Task input Block Start
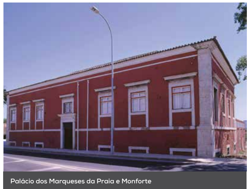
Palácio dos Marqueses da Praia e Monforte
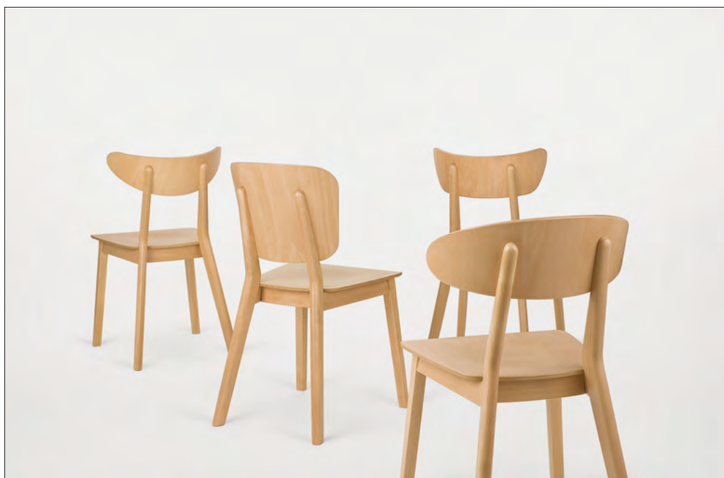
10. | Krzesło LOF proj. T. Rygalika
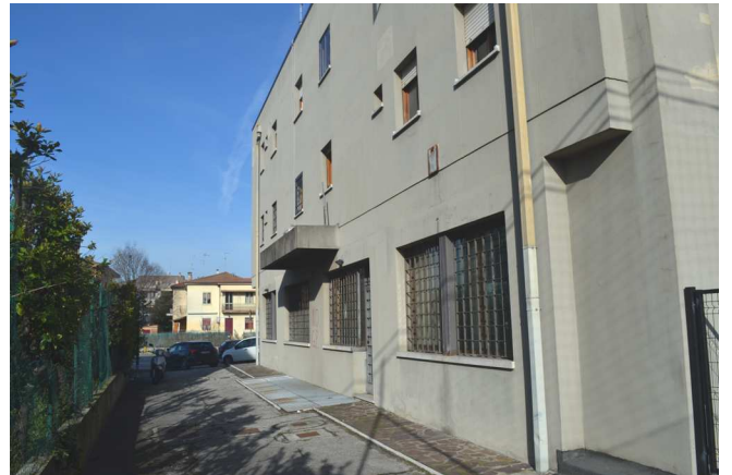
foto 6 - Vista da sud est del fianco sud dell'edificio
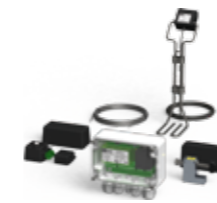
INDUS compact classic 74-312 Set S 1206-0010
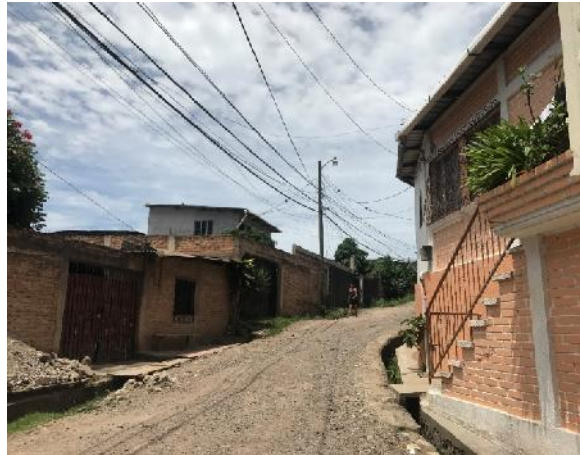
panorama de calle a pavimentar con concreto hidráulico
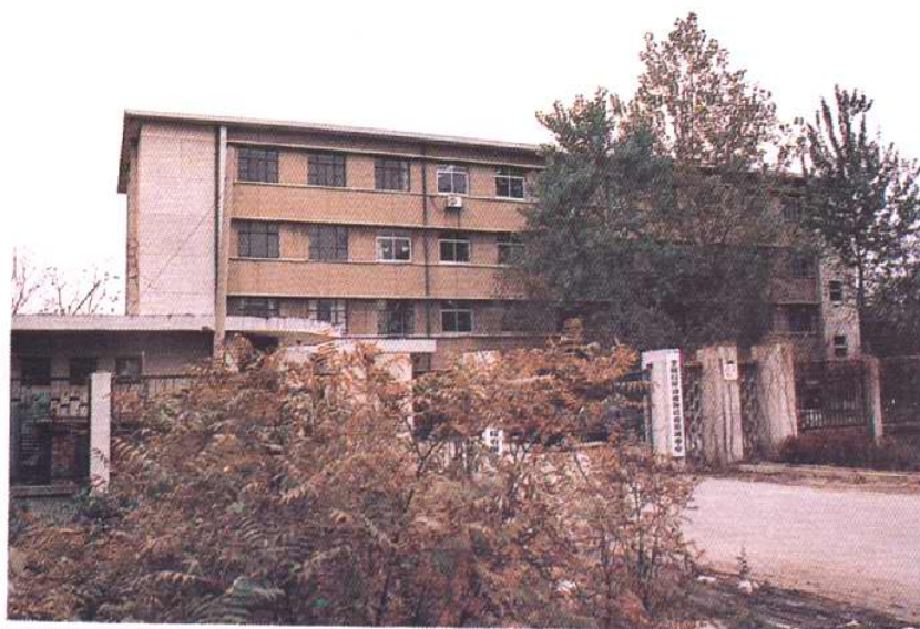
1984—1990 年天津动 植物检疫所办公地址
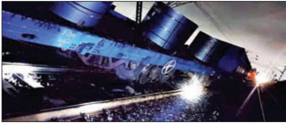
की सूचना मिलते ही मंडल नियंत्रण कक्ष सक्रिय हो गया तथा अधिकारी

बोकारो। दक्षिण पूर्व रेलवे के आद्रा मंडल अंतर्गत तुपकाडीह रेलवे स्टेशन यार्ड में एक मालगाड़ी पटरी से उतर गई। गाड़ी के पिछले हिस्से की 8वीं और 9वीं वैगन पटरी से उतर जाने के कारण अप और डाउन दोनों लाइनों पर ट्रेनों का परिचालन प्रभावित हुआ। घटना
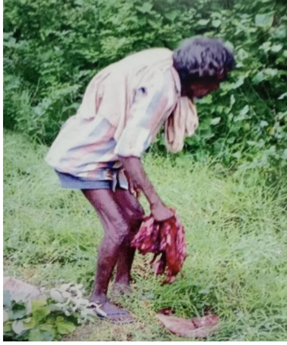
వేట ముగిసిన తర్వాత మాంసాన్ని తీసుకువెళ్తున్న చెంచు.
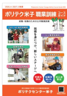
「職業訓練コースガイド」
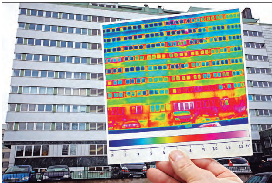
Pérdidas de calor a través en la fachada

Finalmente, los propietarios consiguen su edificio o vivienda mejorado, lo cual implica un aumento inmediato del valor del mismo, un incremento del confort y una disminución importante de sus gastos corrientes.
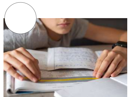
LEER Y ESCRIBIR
Task input Block End
• **Description of the task**
Pictures excluded, transcribe the listing above exactly from the line with "1984—1990 年天津动 植物检疫所办公地址" through the line with "की सूचना मिलते", and no further.

• **Output for this exercise**
1984—1990 年天津动 植物检疫所办公地址
की सूचना मिलते ही मंडल नियंत्रण कक्ष सक्रिय हो गया तथा अधिकारी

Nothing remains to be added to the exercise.